We've introduced a new feature in version 1.6 of the Android platform: Text-To-Speech (TTS). Also known as "speech synthesis", TTS enables your Android device to "speak" text of different languages.

Before we explain how to use the TTS API itself, let's first review a few aspects of the engine that will be important to your TTS-enabled application. We will then show how to make your Android application talk and how to configure the way it speaks.

Languages and resources

About the TTS resources

The TTS engine that ships with the Android platform supports a number of languages: English, French, German, Italian and Spanish. Also, depending on which side of the Atlantic you are on, American and British accents for English are both supported.

The TTS engine needs to know which language to speak, as a word like "Paris", for example, is pronounced differently in French and English. So the voice and dictionary are language-specific resources that need to be loaded before the engine can start to speak.

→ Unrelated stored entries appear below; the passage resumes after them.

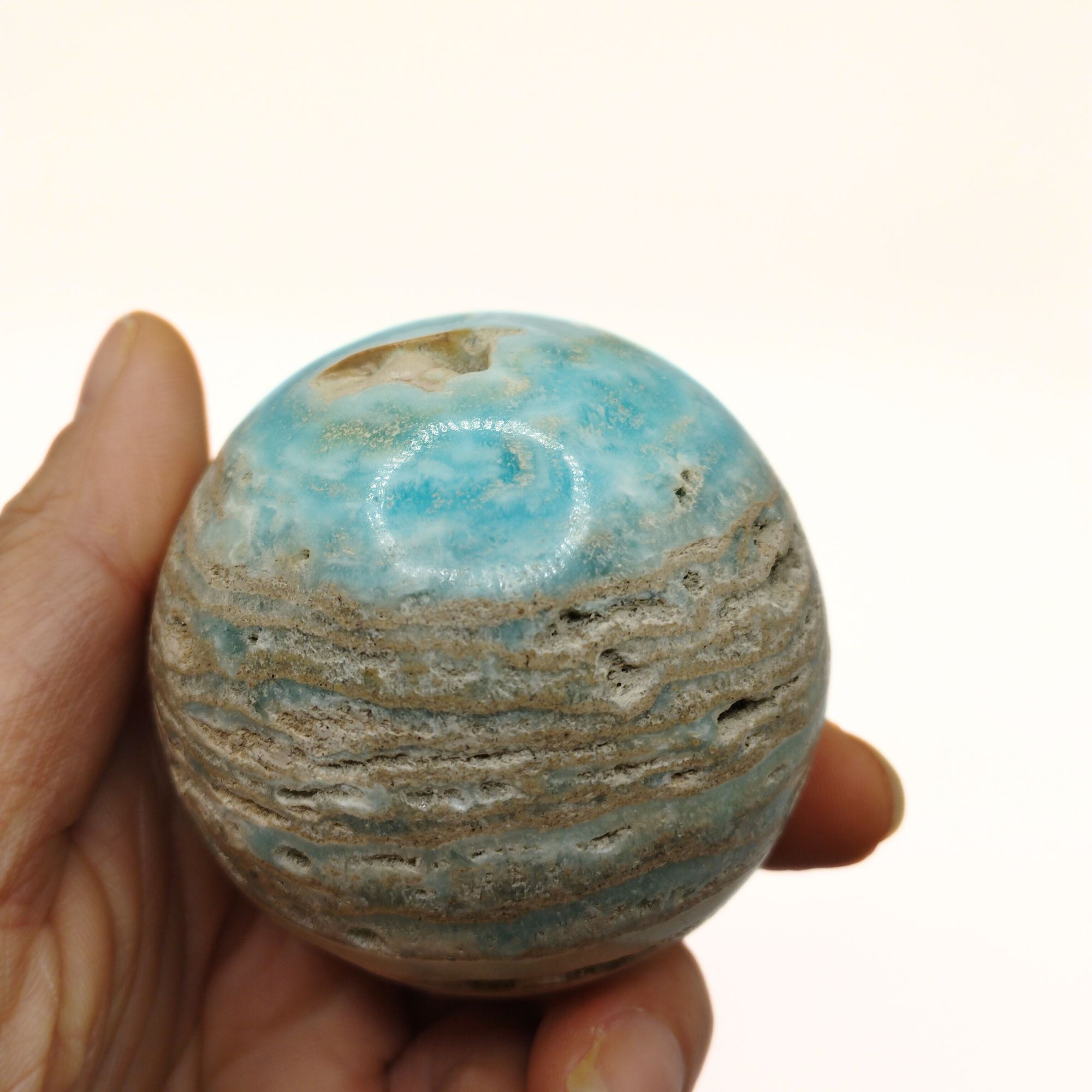 Cette sphère d’aragonite bleue avec son support nous vient du Pakistan
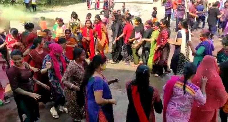 ಬಾಯಿ ಬಾಯಿ ಬಡಿದುಕೊಳ್ಳುತ್ತಾ ಬಣ್ಣದಾಟದಲ್ಲಿ ಮಿಂದೆದ್ದ ಹುಡುಗಿಯರು: ಈ ಬಾರಿ ಹುಡುಗರ ಜೊತೆಗೆ ಹುಡುಗಿಯರು ಸಹ ಹೆಚ್ಚಾಗಿ ಹೋಳಿ ಬಣ್ಣದಾಟದಲ್ಲಿ ಮುಳುಗೇಳಿದ್ದು ಕಂಡು ಬಂತು. ಪರಸ್ಪರ ಮುಖಕ್ಕೆ ಬಣ್ಣ ರಾಚುವ ಮೂಲಕ ಯುವಕರು , ಯುವತಿಯರು ವಿವಿಧ ಹಾಡುಗಳಿಗೆ ಸಖತ್ ಸ್ಟೆಪ್ ಹಾಕಿ ಕುಣಿದು ಕುಪ್ಪಳಿಸಿದರು. ಇವುಗಳ ಮಧ್ಯೆ ಯುವತಿಯರು ಬಾಯಿ ಬಾಯಿ ಬಡಿದುಕೊಳ್ಳುತ್ತಾ ನಗರವೆಲ್ಲಾ ಸಂಚರಿಸುತ್ತಿದ್ದ ದೃಶ್ಯ ಸವೆ೯ ಸಾಮಾನ್ಯವಾಗಿತ್ತು.
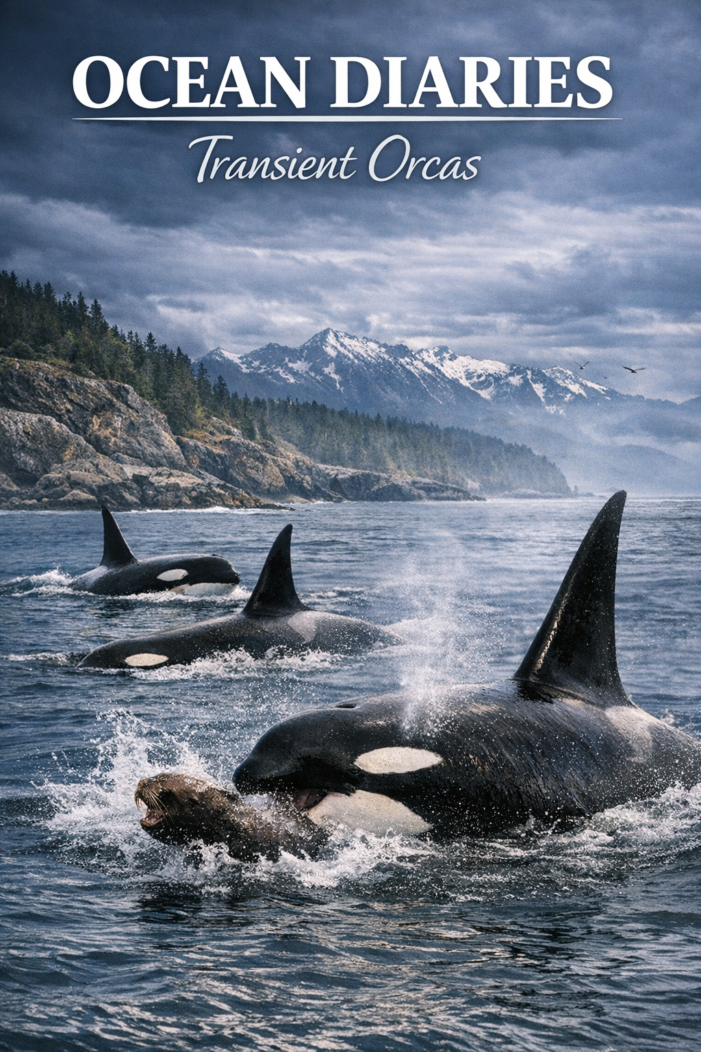 Transient orcas — officially known as Bigg’s killer whales — are the marine‑mammal‑eating ecotype of the North Pacific. They move quietly along the coasts of Alaska, British Columbia, Washington, Oregon, and California, hunting seals, sea lions, porpoises, and even large whales. Their world is defined by stealth, strategy, and fluid social groups that differ sharply from the stable family pods of Resident orcas.

Although all Android-powered devices that support the TTS functionality ship with the engine, some devices have limited storage and may lack the language-specific resource files. If a user wants to install those resources, the TTS API enables an application to query the platform for the availability of language files and can initiate their download and installation. So upon creating your activity, a good first step is to check for the presence of the TTS resources with the corresponding intent:

Intent checkIntent = new Intent();
checkIntent.setAction(TextToSpeech.Engine.ACTION_CHECK_TTS_DATA);
startActivityForResult(checkIntent, MY_DATA_CHECK_CODE);

A successful check will be marked by a CHECK_VOICE_DATA_PASS result code, indicating this device is ready to speak, after the creation of our android.speech.tts.TextToSpeech object. If not, we need to let the user know to install the data that's required for the device to become a multi-lingual talking machine! Downloading and installing the data is accomplished by firing off the ACTION_INSTALL_TTS_DATA intent, which will take the user to Android Market, and will let her/him initiate the download. Installation of the data will happen automatically once the download completes. Here is an example of what your implementation of onActivityResult() would look like:

private TextToSpeech mTts;
protected void onActivityResult(
        int requestCode, int resultCode, Intent data) {
    if (requestCode == MY_DATA_CHECK_CODE) {
        if (resultCode == TextToSpeech.Engine.CHECK_VOICE_DATA_PASS) {
            // success, create the TTS instance
            mTts = new TextToSpeech(this, this);
        } else {
            // missing data, install it
            Intent installIntent = new Intent();
            installIntent.setAction(
                TextToSpeech.Engine.ACTION_INSTALL_TTS_DATA);
            startActivity(installIntent);
        }
    }
}

In the constructor of the TextToSpeech instance we pass a reference to the Context to be used (here the current Activity), and to an OnInitListener (here our Activity as well). This listener enables our application to be notified when the Text-To-Speech engine is fully loaded, so we can start configuring it and using it.

Languages and Locale

At Google I/O, we showed an example of TTS where it was used to speak the result of a translation from and to one of the 5 languages the Android TTS engine currently supports. Loading a language is as simple as calling for instance:

mTts.setLanguage(Locale.US);

to load and set the language to English, as spoken in the country "US". A locale is the preferred way to specify a language because it accounts for the fact that the same language can vary from one country to another. To query whether a specific Locale is supported, you can use isLanguageAvailable(), which returns the level of support for the given Locale. For instance the calls:

mTts.isLanguageAvailable(Locale.UK))
mTts.isLanguageAvailable(Locale.FRANCE))
mTts.isLanguageAvailable(new Locale("spa", "ESP")))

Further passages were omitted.